On the global front, many areas show stagnating or declining consumption, with considerable pressure on the
prices and preference for lighter or alternative drinks. This trend requires a new
narrative of Italian wines, focused on identity, sustainability and gastronomic usability.

What are the trends and opportunities for 2026?

Sustainability is no longer a “nice to have”: it will be a central component in 2026, especially
for those who want to compete in the most demanding markets.
Artificial intelligence, vineyard monitoring and smart resource management are entering
in the most forward-looking strategies in the sector.
Wines ‘contemporary’: white and rosé highlights. New generations of consumers reward
agile, fresh and gastronomic wines, such as some modern versions of Verdicchio, Fiano, Falanghina and
Italian rosés.

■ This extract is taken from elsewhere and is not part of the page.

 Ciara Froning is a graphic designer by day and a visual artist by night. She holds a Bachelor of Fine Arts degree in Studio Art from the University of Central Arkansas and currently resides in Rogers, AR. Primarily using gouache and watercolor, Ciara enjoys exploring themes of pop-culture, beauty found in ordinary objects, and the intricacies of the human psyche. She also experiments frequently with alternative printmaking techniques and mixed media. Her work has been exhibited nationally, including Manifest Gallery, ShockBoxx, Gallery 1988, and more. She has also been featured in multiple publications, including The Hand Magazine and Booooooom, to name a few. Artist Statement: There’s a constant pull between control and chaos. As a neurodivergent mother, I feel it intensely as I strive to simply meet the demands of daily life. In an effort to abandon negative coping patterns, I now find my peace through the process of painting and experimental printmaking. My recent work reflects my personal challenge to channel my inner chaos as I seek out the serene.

This trend opens up spaces for lesser-known varieties but suitable for pairings
versatile culinary.

Diversifying markets

The United States remains key, but so do markets such as Germany, the United Kingdom and Canada
are becoming increasingly strategic, with different dynamics from country to country.
The key word for export in 2026 will be adaptability. According to some industry sources, the strategy
Italian to win in 2026 can be summarized in a few points: Reducing the complexity of the ranges
– fewer labels, more recognizability; clarity in communicating value – storytelling
territorial and technical; sustainability as a competitive advantage – materials, packaging, ethics.
Solid B2 B partnerships – with importers, distributors and key markets.
In 2026, Italy’s true strength will not be the quantity, but the legibility of the wine’s identity, capable
to explain why it is worth and where it comes from.